This next cover showcases two Hee Haw honeys who are temporarily released from the haystacks and their midriff-baring plaid tops and cut-off denim shorts! Instead Gunilla Hutton and Dianne Scott are permitted some comely black get-ups in front of a mod backdrop.

Now we come to a very laid-back (high?!) Peter Fonda, who was fresh off the staggering success of 1969's Easy Rider and would soon begin work on his pet project The Hired Hand (1971.)

As we traipse from 1970 into 1971, we find Lucie Arnaz, then costarring on her mother Lucille Ball's series Here's Lucy. Her tenure on that show ran from 1968-1974, after which her work on TV and in movies became more sporadic. She did proceed to Broadway in 1979 with They're Playing Our Song and then worked as a replacement in both Lost in Yonkers and Dirty Rotten Scoundrels.

Longtime spouses and collaborators Eli Wallach and Anne Jackson are shown in character from the filmed rendition of their two-character play The Typists, all about a pair of employees who work side-by-side in an office for many years, revealing various funny, sad and thought-provoking moments along the way. We just lost Mr. Wallach in June at age ninety-eight, but Jackson is still going at eighty-seven. They were married sixty-six years!

Earth II (1971) was a series pilot that intended to depict life at a space station and was to star Gary Lockwood (costar of 1968's blockbuster 2001: A Space Odyssey), but despite that (and a supporting cast that included everyone from Anthony Franciosa to Inga Swenson to Lew Ayres and more) it was not picked up.

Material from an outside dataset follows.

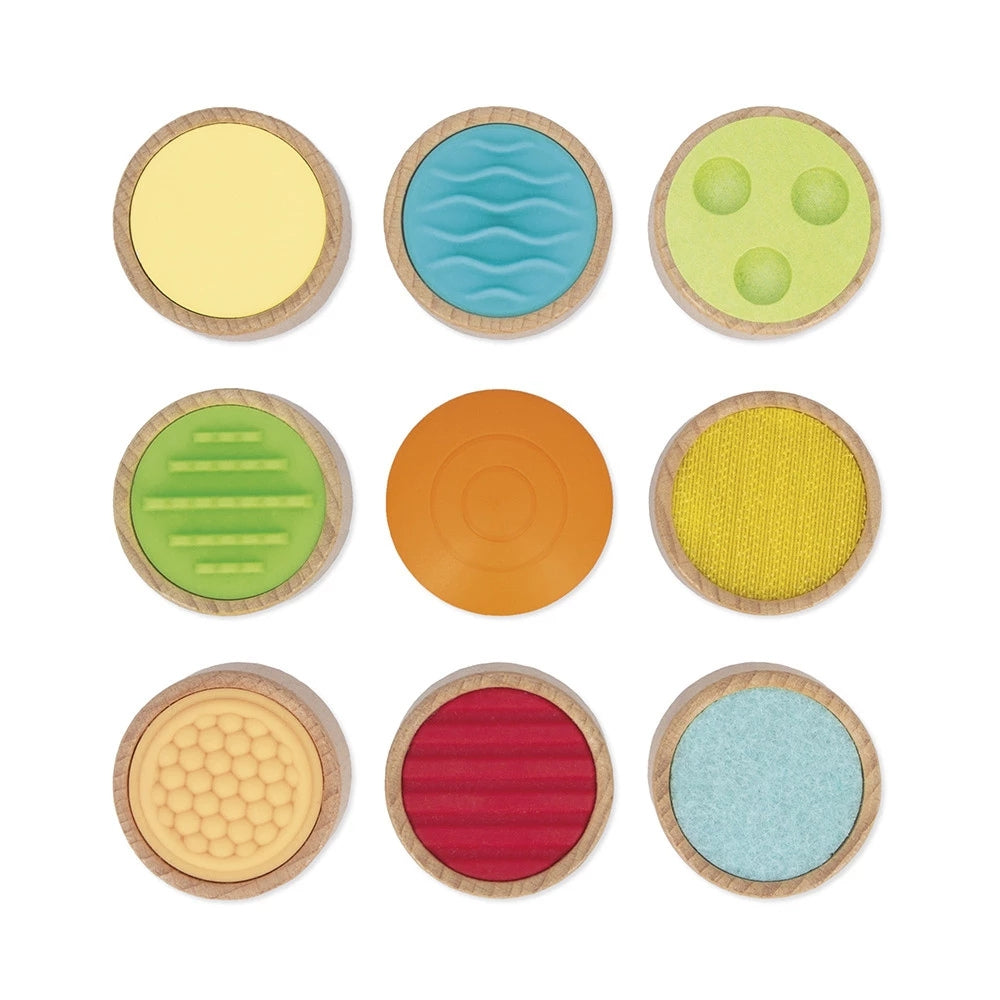 A készlet 9 különböző felületű fadarabot tartalmaz, köztük filc, tépőzár, szilikon, valamint sima és texturált felületű darabokat, így a Sensory Toy az érintést és az érzékszervi memóriát is igénybe veszi.

You know that the 1970s was a very fertile period for TV-movies (I have profiled many of them here in my TV Movie Time Tunnel series of posts) and while many are so cheesy, if entertaining, many are also staggeringly good and yet rarely ever seen! One that looks as if it were among the second grouping (if the cast is any indication) is All the Way Home with Joanne Woodward, Richard Kiley, Pat Hingle, Eileen Heckart, Barnard Hughes and even a young James Woods. It concerns Woodward's fate after her husband dies unexpectedly, leaving her pregnant and with a five year-old son. It's also interesting that the FAR more famous Brian's Song was relegated to an article inside and not the front cover.)

Everyone on earth has heard of The Andy Griffith Show (1960-1968) and even its follow-up Mayberry RFD (1968-1971, which didn't star Griffith), but how many of you know about The New Andy Griffith Show (1971)?? Lasting only 10 episodes, it had Griffith playing a state government worker who moves back to his small hometown (no, not Mayberry!) to serve as mayor. The slapped-together program offended fans of the original by having a very similar character (only the last names were different) married to a different wife (Lee Meriwether) and with two kids, yet having the gall to use guest stars from the real series in their original guises!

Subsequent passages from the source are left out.